### Exercise prompt
Take the entries below and reproduce exactly the portion that begins at the line containing "There were also" and ends at the line containing "치매 병리는 대뇌에 베타", keeping both ends, dropping pictures, and adding nothing else.

**** Entries supplied

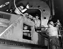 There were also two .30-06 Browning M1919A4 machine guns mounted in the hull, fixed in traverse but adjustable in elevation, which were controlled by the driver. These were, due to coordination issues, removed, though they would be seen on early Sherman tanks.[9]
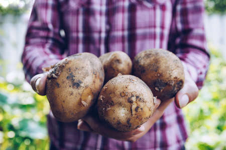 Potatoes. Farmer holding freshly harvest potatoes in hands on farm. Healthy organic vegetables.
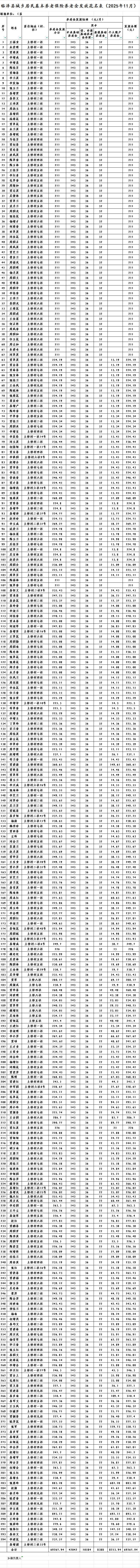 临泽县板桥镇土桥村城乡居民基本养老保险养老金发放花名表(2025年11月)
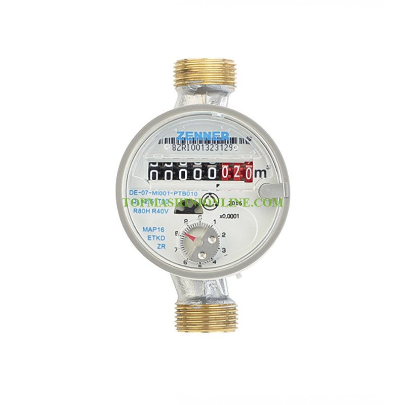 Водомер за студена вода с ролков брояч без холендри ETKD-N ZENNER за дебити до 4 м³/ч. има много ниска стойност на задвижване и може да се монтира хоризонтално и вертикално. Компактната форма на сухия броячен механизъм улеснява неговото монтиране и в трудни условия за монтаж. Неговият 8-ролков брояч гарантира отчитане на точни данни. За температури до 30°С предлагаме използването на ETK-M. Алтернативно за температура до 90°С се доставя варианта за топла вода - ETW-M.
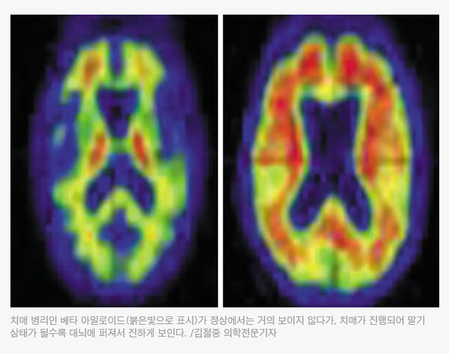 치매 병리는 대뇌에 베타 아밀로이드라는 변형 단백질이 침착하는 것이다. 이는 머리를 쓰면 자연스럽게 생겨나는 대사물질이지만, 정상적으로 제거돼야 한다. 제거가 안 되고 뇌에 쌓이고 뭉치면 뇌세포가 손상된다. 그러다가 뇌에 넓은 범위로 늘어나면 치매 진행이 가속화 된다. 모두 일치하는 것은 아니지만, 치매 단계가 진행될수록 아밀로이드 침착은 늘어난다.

********
**** Entries supplied

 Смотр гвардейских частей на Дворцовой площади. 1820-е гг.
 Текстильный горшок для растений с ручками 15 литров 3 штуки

********
**** Entries supplied

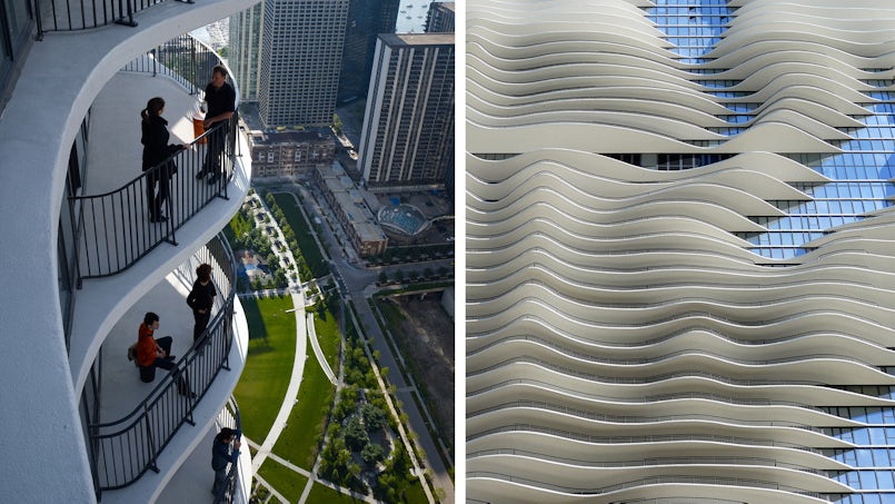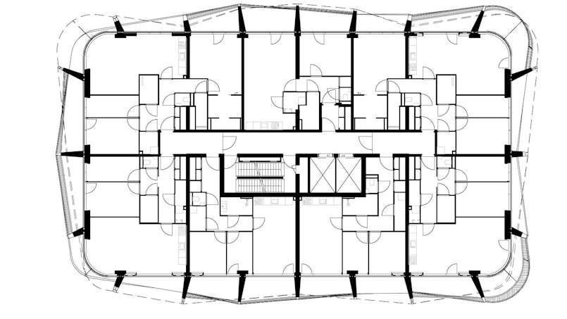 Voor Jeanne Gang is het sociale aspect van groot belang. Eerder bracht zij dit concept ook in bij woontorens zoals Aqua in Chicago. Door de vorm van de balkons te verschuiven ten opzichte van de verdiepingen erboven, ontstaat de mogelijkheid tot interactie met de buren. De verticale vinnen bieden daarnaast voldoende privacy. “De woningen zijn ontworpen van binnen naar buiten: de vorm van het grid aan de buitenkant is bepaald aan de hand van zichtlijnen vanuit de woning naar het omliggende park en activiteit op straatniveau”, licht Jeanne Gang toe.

********

### Answer space
 There were also two .30-06 Browning M1919A4 machine guns mounted in the hull, fixed in traverse but adjustable in elevation, which were controlled by the driver. These were, due to coordination issues, removed, though they would be seen on early Sherman tanks.[9]
 Potatoes. Farmer holding freshly harvest potatoes in hands on farm. Healthy organic vegetables.
 临泽县板桥镇土桥村城乡居民基本养老保险养老金发放花名表(2025年11月)
 Водомер за студена вода с ролков брояч без холендри ETKD-N ZENNER за дебити до 4 м³/ч. има много ниска стойност на задвижване и може да се монтира хоризонтално и вертикално. Компактната форма на сухия броячен механизъм улеснява неговото монтиране и в трудни условия за монтаж. Неговият 8-ролков брояч гарантира отчитане на точни данни. За температури до 30°С предлагаме използването на ETK-M. Алтернативно за температура до 90°С се доставя варианта за топла вода - ETW-M.
 치매 병리는 대뇌에 베타 아밀로이드라는 변형 단백질이 침착하는 것이다. 이는 머리를 쓰면 자연스럽게 생겨나는 대사물질이지만, 정상적으로 제거돼야 한다. 제거가 안 되고 뇌에 쌓이고 뭉치면 뇌세포가 손상된다. 그러다가 뇌에 넓은 범위로 늘어나면 치매 진행이 가속화 된다. 모두 일치하는 것은 아니지만, 치매 단계가 진행될수록 아밀로이드 침착은 늘어난다.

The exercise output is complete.